Supplied records |
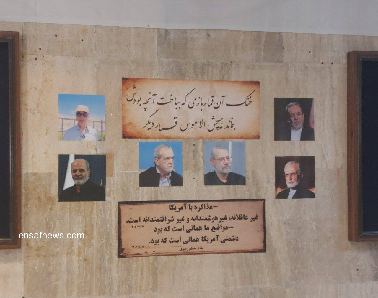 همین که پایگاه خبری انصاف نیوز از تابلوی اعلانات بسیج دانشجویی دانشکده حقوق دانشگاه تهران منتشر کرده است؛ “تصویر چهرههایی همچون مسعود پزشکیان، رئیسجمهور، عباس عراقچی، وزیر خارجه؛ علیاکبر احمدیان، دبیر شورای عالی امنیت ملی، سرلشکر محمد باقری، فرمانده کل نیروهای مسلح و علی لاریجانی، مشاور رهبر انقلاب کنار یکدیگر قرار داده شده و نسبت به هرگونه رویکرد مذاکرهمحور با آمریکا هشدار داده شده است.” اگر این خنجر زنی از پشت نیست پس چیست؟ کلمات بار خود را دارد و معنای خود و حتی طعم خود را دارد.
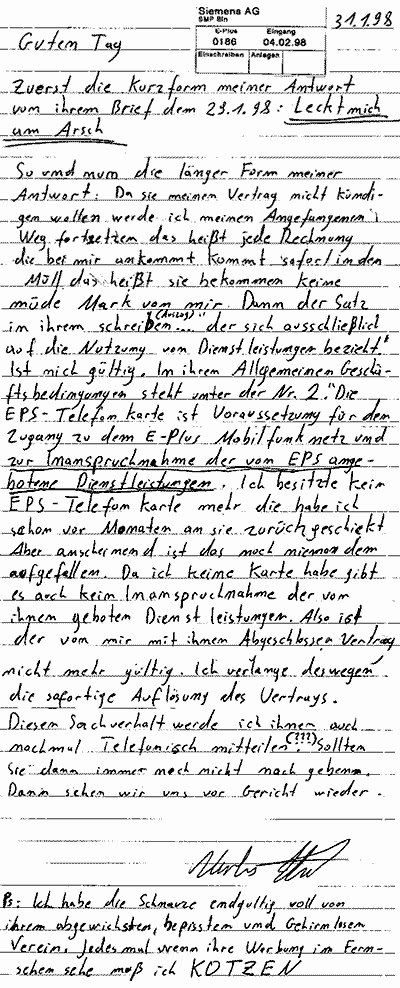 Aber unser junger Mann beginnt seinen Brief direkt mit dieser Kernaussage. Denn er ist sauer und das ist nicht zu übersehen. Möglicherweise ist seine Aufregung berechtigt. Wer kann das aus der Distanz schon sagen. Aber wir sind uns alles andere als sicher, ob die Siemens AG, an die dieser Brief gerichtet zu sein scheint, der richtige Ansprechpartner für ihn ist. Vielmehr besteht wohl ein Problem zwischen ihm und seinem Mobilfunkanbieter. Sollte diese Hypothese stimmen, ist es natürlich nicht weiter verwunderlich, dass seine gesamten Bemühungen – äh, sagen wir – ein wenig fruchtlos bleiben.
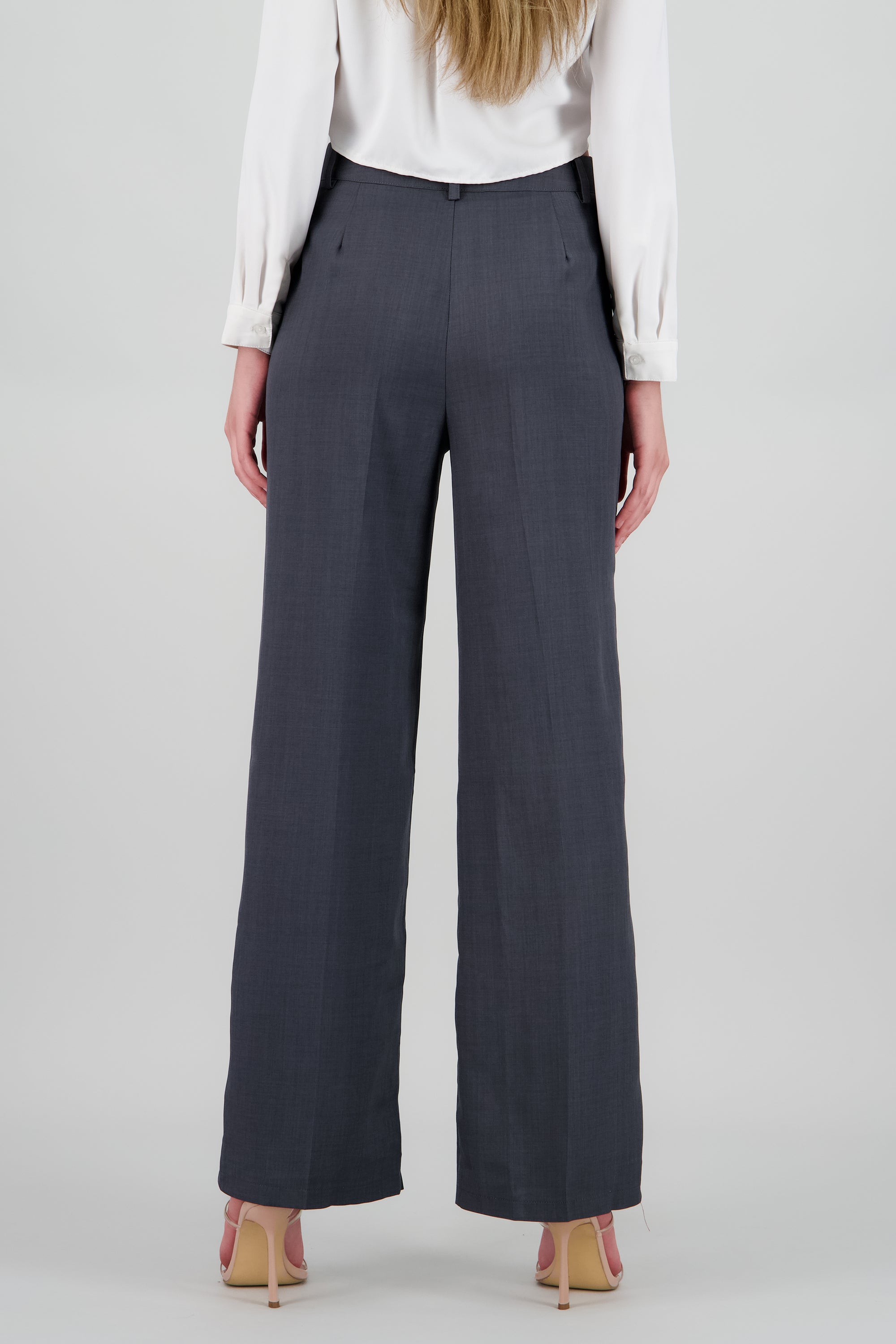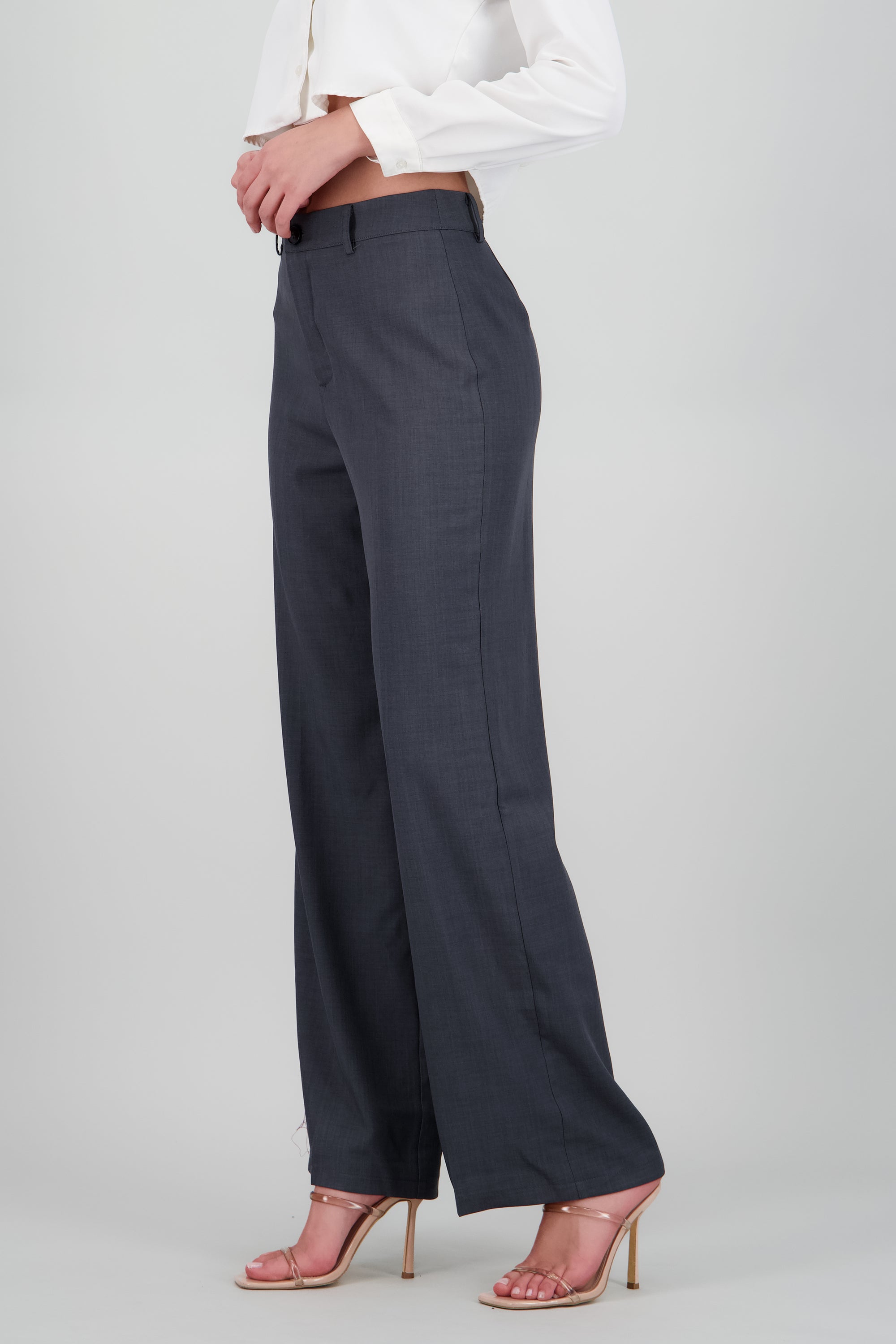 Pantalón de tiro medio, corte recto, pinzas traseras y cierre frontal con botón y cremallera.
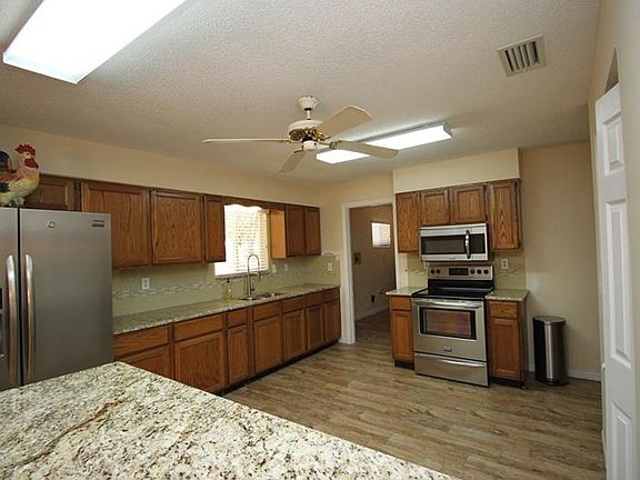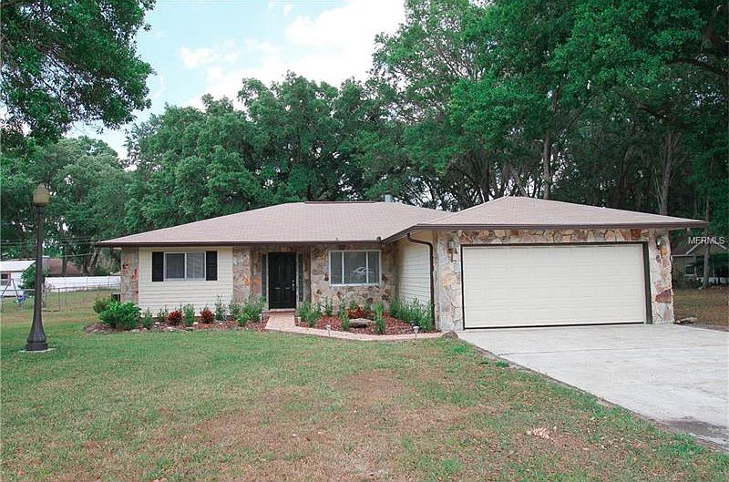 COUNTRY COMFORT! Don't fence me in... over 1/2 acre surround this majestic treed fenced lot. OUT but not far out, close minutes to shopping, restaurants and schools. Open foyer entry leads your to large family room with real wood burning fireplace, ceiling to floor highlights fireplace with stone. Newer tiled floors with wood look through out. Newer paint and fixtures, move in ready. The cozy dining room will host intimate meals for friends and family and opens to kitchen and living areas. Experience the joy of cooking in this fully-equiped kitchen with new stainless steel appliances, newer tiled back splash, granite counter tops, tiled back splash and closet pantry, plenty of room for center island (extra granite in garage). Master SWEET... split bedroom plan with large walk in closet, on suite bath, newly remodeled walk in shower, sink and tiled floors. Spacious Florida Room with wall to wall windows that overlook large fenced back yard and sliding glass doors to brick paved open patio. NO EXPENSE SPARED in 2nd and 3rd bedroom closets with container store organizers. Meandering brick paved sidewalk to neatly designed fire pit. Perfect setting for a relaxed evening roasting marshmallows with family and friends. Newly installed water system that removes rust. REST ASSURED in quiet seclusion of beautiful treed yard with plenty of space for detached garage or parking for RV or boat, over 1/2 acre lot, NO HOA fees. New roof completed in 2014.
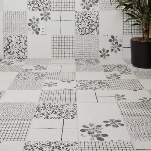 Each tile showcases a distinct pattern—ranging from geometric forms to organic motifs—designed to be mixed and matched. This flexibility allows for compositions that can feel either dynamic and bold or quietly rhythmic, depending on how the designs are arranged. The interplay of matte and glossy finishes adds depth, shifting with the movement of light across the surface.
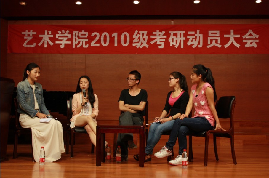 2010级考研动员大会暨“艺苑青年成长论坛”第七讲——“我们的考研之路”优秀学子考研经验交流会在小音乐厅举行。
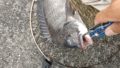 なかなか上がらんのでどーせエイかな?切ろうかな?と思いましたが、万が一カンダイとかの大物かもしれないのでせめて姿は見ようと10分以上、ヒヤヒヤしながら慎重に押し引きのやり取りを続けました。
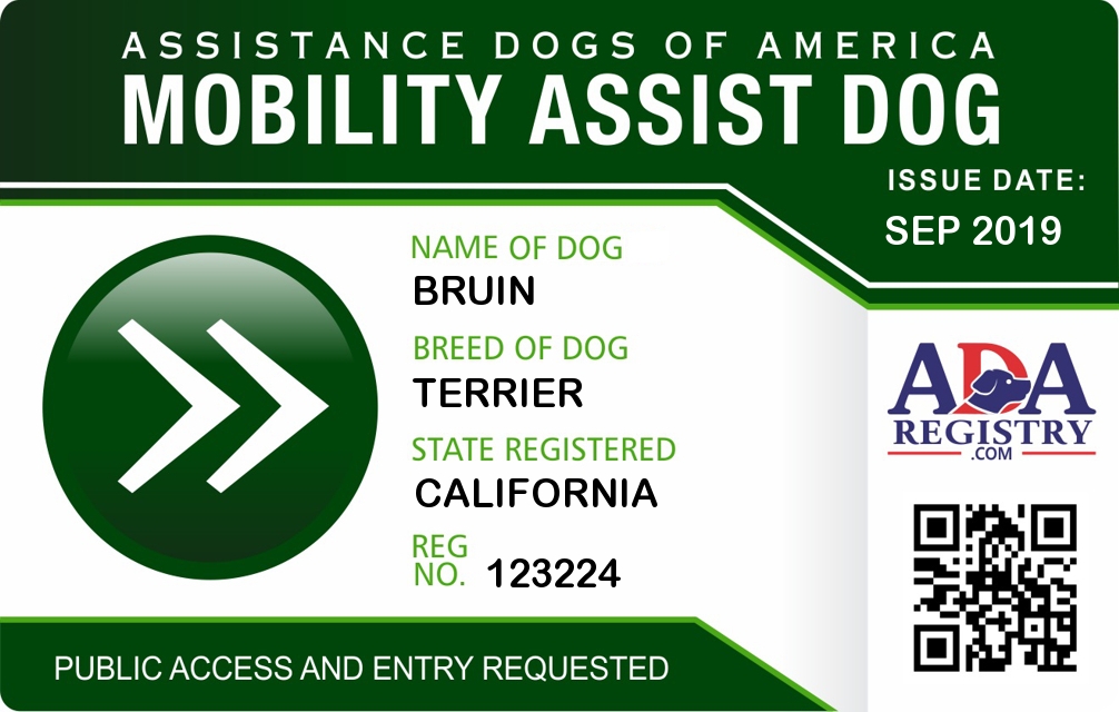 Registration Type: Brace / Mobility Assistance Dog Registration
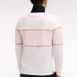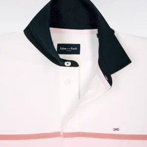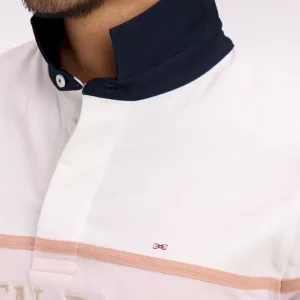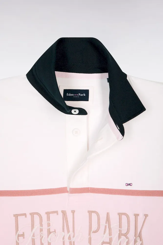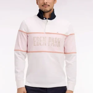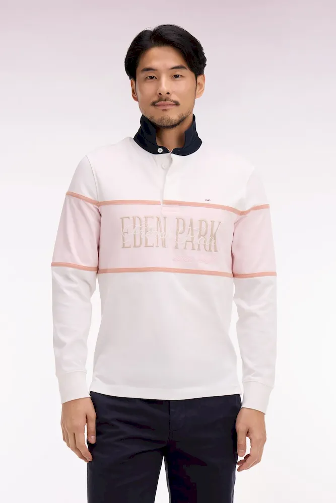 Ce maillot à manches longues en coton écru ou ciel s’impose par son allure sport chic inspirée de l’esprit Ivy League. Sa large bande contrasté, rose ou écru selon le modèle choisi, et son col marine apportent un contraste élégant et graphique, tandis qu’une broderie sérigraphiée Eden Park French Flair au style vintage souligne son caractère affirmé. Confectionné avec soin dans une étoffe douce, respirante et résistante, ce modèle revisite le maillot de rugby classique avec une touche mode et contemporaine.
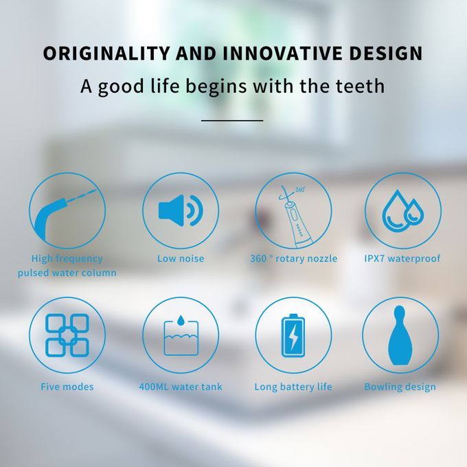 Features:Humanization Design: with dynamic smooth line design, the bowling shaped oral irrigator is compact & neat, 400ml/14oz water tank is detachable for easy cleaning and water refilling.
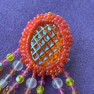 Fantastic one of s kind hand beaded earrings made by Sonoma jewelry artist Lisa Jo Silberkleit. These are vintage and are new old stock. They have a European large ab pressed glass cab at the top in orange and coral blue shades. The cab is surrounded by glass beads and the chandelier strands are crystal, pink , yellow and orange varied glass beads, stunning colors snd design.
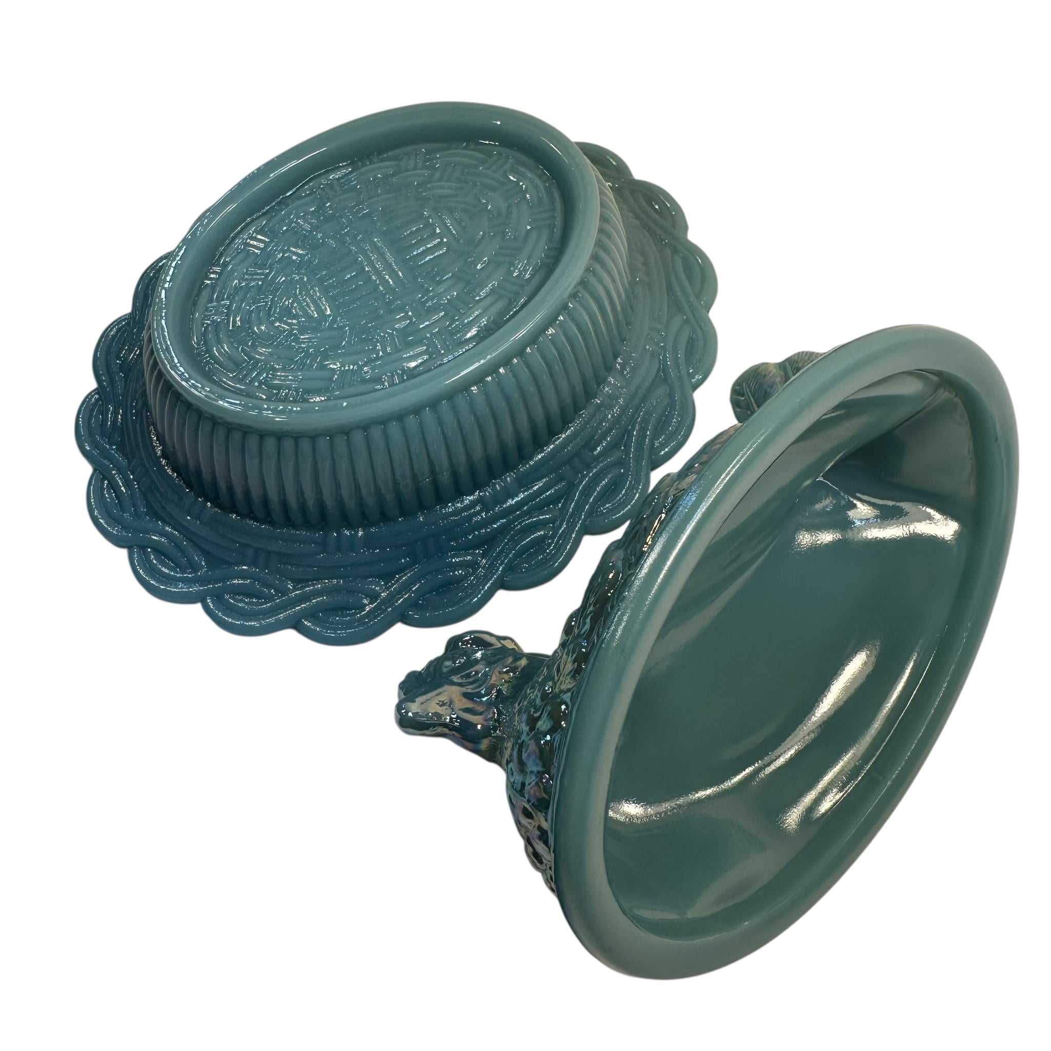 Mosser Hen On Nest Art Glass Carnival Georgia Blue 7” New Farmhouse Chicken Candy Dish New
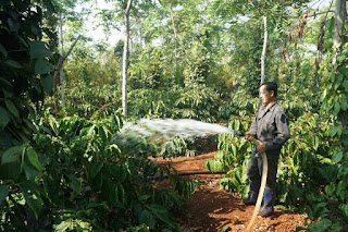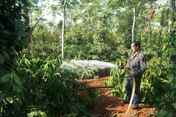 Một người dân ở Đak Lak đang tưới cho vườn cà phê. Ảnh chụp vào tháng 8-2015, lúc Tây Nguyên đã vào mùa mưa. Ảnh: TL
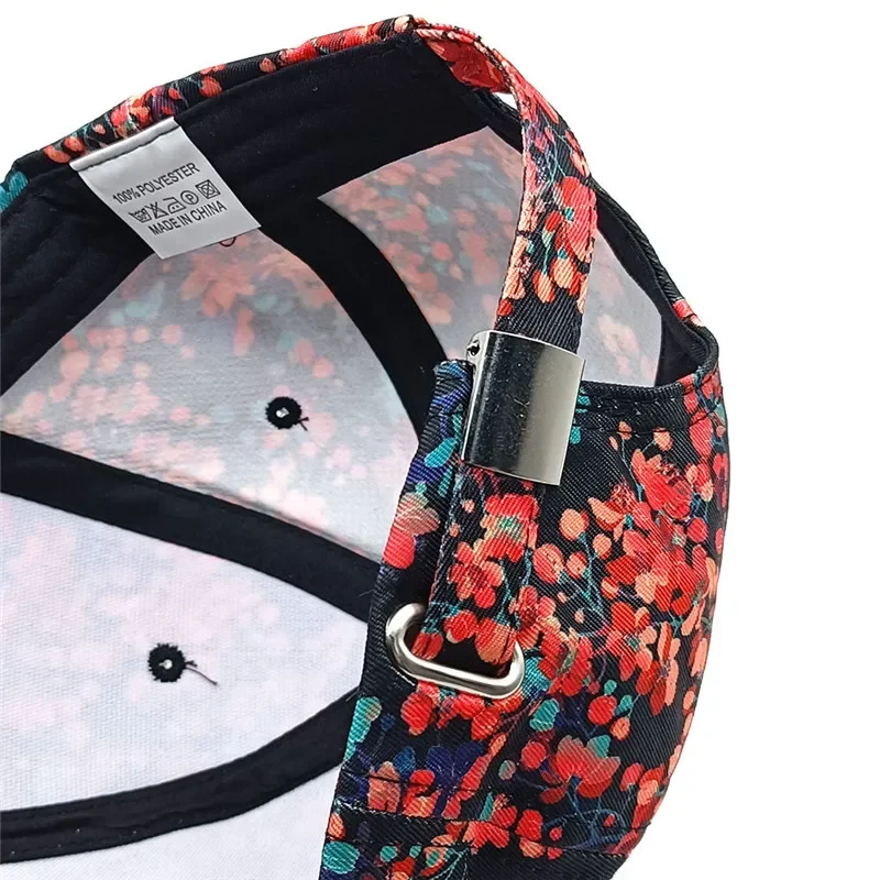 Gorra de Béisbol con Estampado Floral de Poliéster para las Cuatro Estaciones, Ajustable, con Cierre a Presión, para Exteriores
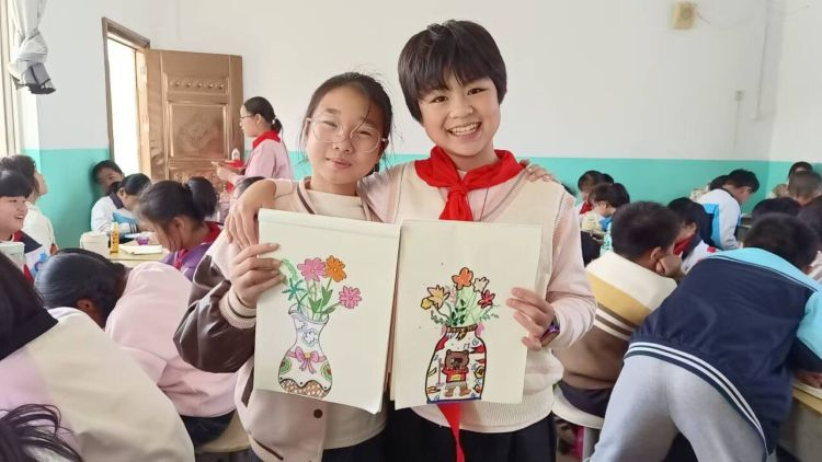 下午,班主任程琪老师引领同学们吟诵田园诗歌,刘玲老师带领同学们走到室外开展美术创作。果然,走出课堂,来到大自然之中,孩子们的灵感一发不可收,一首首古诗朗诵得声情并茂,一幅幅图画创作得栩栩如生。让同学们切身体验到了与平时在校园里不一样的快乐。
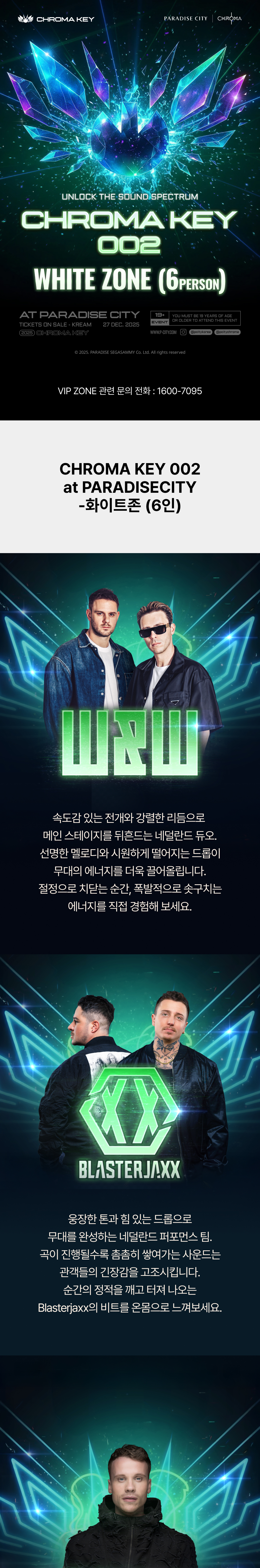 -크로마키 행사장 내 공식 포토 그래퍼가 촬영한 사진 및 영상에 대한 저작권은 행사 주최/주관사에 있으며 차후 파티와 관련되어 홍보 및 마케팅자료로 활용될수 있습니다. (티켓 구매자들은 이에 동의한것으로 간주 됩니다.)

Required work | Write out again the lines from the one with "Ce maillot à" through the end of the records exactly, without any of the pictures.

Output for this task |
 Ce maillot à manches longues en coton écru ou ciel s’impose par son allure sport chic inspirée de l’esprit Ivy League. Sa large bande contrasté, rose ou écru selon le modèle choisi, et son col marine apportent un contraste élégant et graphique, tandis qu’une broderie sérigraphiée Eden Park French Flair au style vintage souligne son caractère affirmé. Confectionné avec soin dans une étoffe douce, respirante et résistante, ce modèle revisite le maillot de rugby classique avec une touche mode et contemporaine.
 Features:Humanization Design: with dynamic smooth line design, the bowling shaped oral irrigator is compact & neat, 400ml/14oz water tank is detachable for easy cleaning and water refilling.
 Fantastic one of s kind hand beaded earrings made by Sonoma jewelry artist Lisa Jo Silberkleit. These are vintage and are new old stock. They have a European large ab pressed glass cab at the top in orange and coral blue shades. The cab is surrounded by glass beads and the chandelier strands are crystal, pink , yellow and orange varied glass beads, stunning colors snd design.
 Mosser Hen On Nest Art Glass Carnival Georgia Blue 7” New Farmhouse Chicken Candy Dish New
 Một người dân ở Đak Lak đang tưới cho vườn cà phê. Ảnh chụp vào tháng 8-2015, lúc Tây Nguyên đã vào mùa mưa. Ảnh: TL
 Gorra de Béisbol con Estampado Floral de Poliéster para las Cuatro Estaciones, Ajustable, con Cierre a Presión, para Exteriores
 下午,班主任程琪老师引领同学们吟诵田园诗歌,刘玲老师带领同学们走到室外开展美术创作。果然,走出课堂,来到大自然之中,孩子们的灵感一发不可收,一首首古诗朗诵得声情并茂,一幅幅图画创作得栩栩如生。让同学们切身体验到了与平时在校园里不一样的快乐。
 -크로마키 행사장 내 공식 포토 그래퍼가 촬영한 사진 및 영상에 대한 저작권은 행사 주최/주관사에 있으며 차후 파티와 관련되어 홍보 및 마케팅자료로 활용될수 있습니다. (티켓 구매자들은 이에 동의한것으로 간주 됩니다.)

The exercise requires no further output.